A ação educativa/práxis pedagógica é o campo que, dentre as suas vertentes, engloba a formação dos professores. No entanto, a prática docente – aquela em que profissionais certificados atuam na formação de indivíduos – é apenas uma das dimensões da prática pedagógica. A esse respeito, Souza (2009) contribuiu com reflexões que uso enquanto marco teórico de minha pesquisa. Para o autor,

a formação de quaisquer pessoas ou profissionais, inclusive da educação, não resulta de uma prática docente, mas de uma práxis pedagógica não apenas de uma instituição, mas de várias. Uma professora ou um professor não se forma por meio da prática de um docente [...], mas da práxis pedagógica de várias instituições formadoras e de muitas outras experiências formativas que vai vivendo ao longo da vida e de seus ambientes culturais (SOUZA, 2009, p. 23).

As instituições podem ser compreendidas não apenas como espaços físicos. A educação também não se limita à prática docente, podendo abranger muitos outros momentos, lugares e experiências de ensino e aprendizagem, formais, não formais e informais (SOUZA, 2009, p. 50). Dessa maneira, a formação não se restringe à ação de docentes. A prática docente é apenas mais uma das dimensões da práxis pedagógica, não se dissociando de outras práticas que compõem o complexo mecanismo do ensino. Questiona o autor: “não será atribuir demasiado peso à ação do docente e esquecer que a contribuição à formação humana do sujeito humano é responsabilidade da agência formadora, portanto da instituição, e não apenas de um docente ou do conjunto de seus educadores?” (SOUZA, 2009, p. 25-26).

A formação englobaria mais do que a prática docente em instituições superiores. As instituições em si precisam ser consideradas nesse processo, pois não caberia apenas ao professor a responsabilidade pelo ensino e formação dos sujeitos. O ambiente da formação de professores, tal qual outros ambientes não formais e informais, são fundamentais para a construção da formação humana, posto que o espaço formal da educação não pode ser considerado o único lugar onde o conhecimento é produzido e disponibilizado.

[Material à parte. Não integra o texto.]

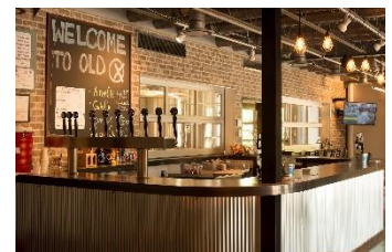
Old Ox Brewery

One of more than 30 breweries along the LoCo Ale Trail, Old Ox Brewery is the place to go and hang out with friends. Named for one of the oldest roads in Loudoun County that originally connected the agricultural producers of Loudoun to the markets in Fairfax County and beyond. Yet another way to bring the farm to table. Enjoy a tasting and tour at Old Ox Brewery.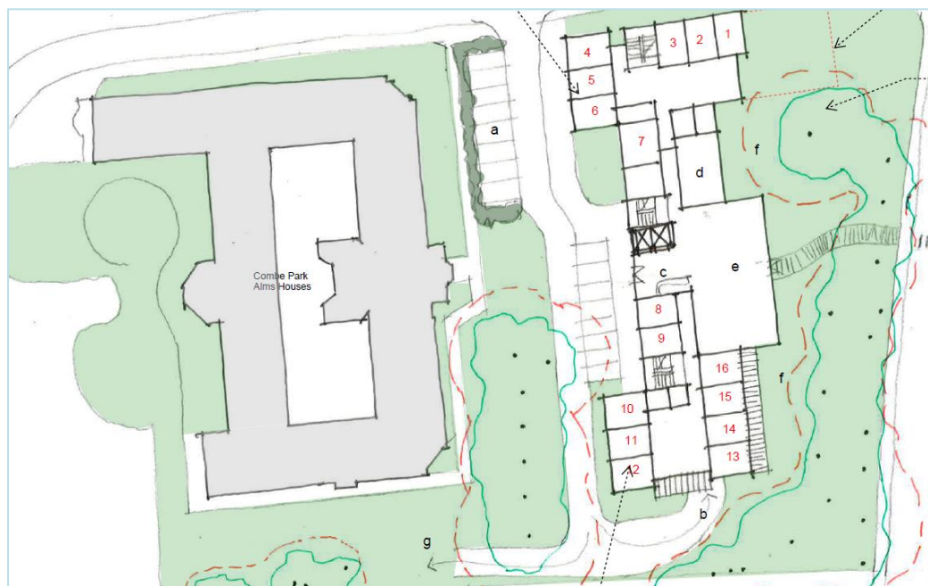
Care Home Scheme (71 Bedrooms)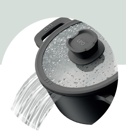
Pouring made easy thanks to the special design of the rim

Silicone rim for tight closure to the body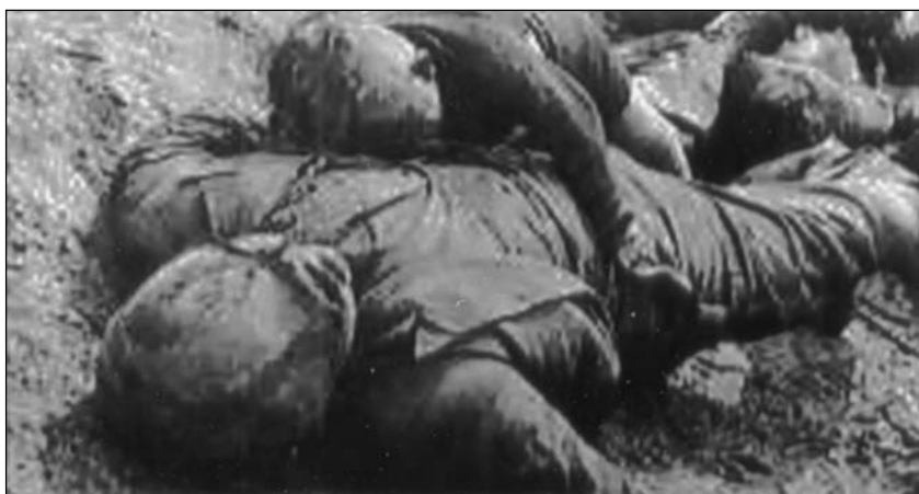
(above) After the Fire Storm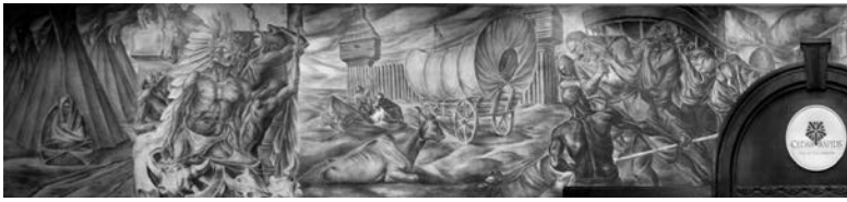
Figure 1 (cont. on facing page). Francis Robert White, Opening of the Midwest, 1936–1937. Oil on canvas, Cedar Rapids Federal Courthouse (now Cedar Rapids City Hall), Cedar Rapids.

that the offending imagery should be painted over. The mural was all but destroyed – covered and forgotten for decades, until the flood of 2008. Spurred to action by that natural disaster, the U.S. General Services Administration (GSA) worked quickly to prevent further damage to the historic artwork and to restore one wall of the mural to its original state. Additional preservation efforts on the part of the city of Cedar Rapids uncovered a second wall in 2013, and work on a third wall is currently under way.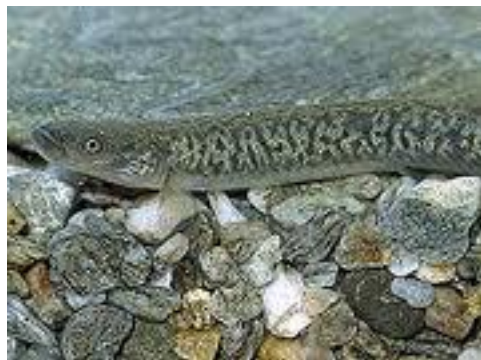
Upland longjaw galaxias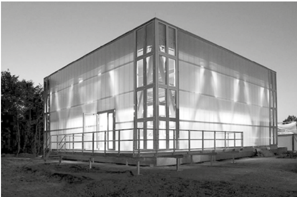
The Cubity studio building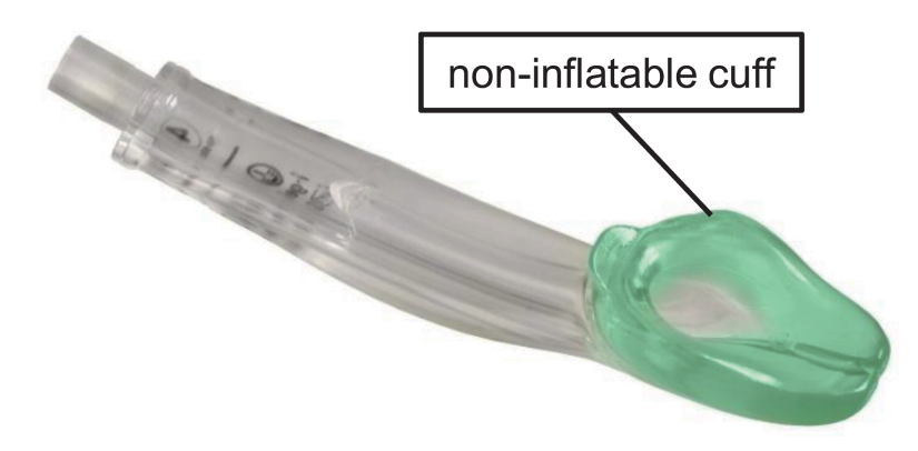
Fig. 1 Photo of the i-gel, a single-use supraglottic airway device with a non-inflatable cuff (Intersurgical Ltd., Wokingham, UK)

Supraglottic airway devices (SADs) are widely used as alternatives to tracheal intubation for airway management during general anesthesia. They are accompanied by a reduced incidence of a postoperative sore throat (approximately 5.8–49%) compared with that of tracheal intubation.<sup>1-6</sup> The i-gel<sup>TM</sup> (Intersurgical Ltd., Wokingham, UK) is a new single-use SAD with a non-inflatable cuff (Figure 1), which results in an even lower incidence of a postoperative sore throat (5–17%).<sup>7-10</sup> Overinflation of the cuff, duration of surgery, size of the device, and use of neuromuscular blockers are considered risk factors for a postoperative sore throat associated with SADs and tracheal intubation.<sup>11-13</sup> However, the risk factors associated with a postoperative sore throat induced by i-gel have not been clarified. We predicted that the same factors could be associated with an i-gel-induced sore throat. Therefore, we retrospectively assessed the risk factors for a postoperative sore throat associated with the use of i-gel.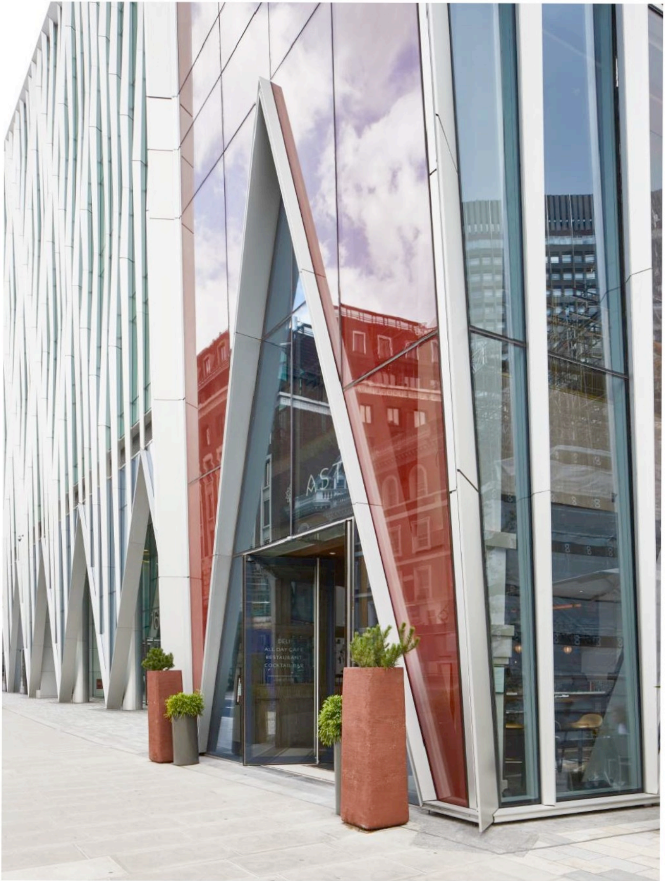
The exterior of Aster In central London, which features bespoke Brintons carpets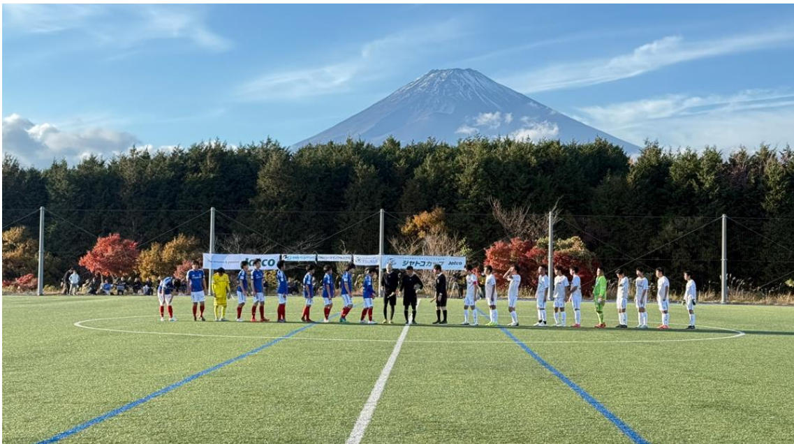
Caption: JATCO Cup 2025 held in a stunning location.

During the tournament, someone's passion becomes someone else's strength, creating a feeling of "I want to come back." It was a special time filled with warmth.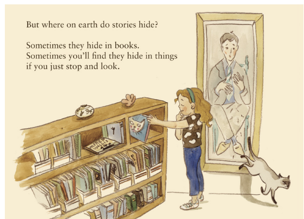
All images: Extract from Finding Our Story , illustrated by Tonka Uzu, text by Imogen Alexander, 2021.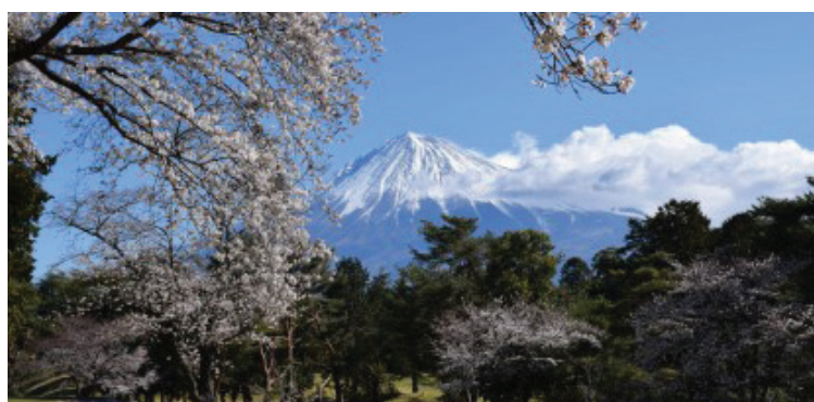
NO VISA FEE. A view of Mt. Fuji from the Fujinomiya Golf Club in Fujinomiya, Japan. Travelers planning to visit Japan on a tourist visa, be it multiple or single entry, will not pay for a visa fee except for center usage fees and other additional services that they may avail of once Japan's new visa center opens.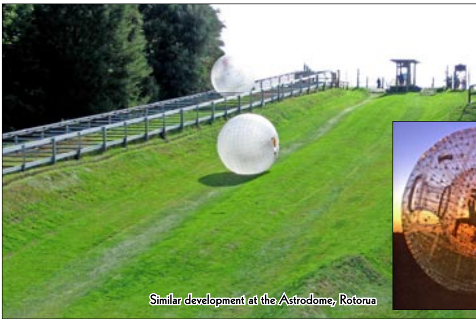
Similar development at the Astrodome, Rotorua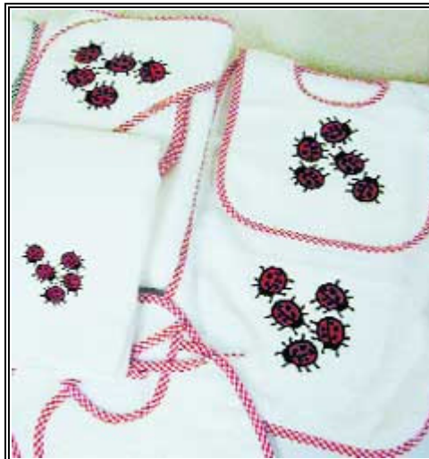
New exhibitor Spoiled Rotten Babies brought its collection of gift packages, including bibs, burp cloths and hooded towels, to the Kids Kollection section of the Atlanta Gift Market. Available in nine different designs, including the ladybug shown here, products retail between $11 and $29.

Uma vez que a formação não se restringe às instituições nem à ação docente, analisaremos primeiramente as perspectivas para o exercício profissional dos professores e as configurações dos espaços formais para a formação. Com base nesses conceitos, podemos compreender como são esses espaços, a partir do viés ideológico e dos valores do exercício profissional que o legitima. Dessa forma, é possível perceber como os demais espaços formativos são igualmente importantes na formação humana.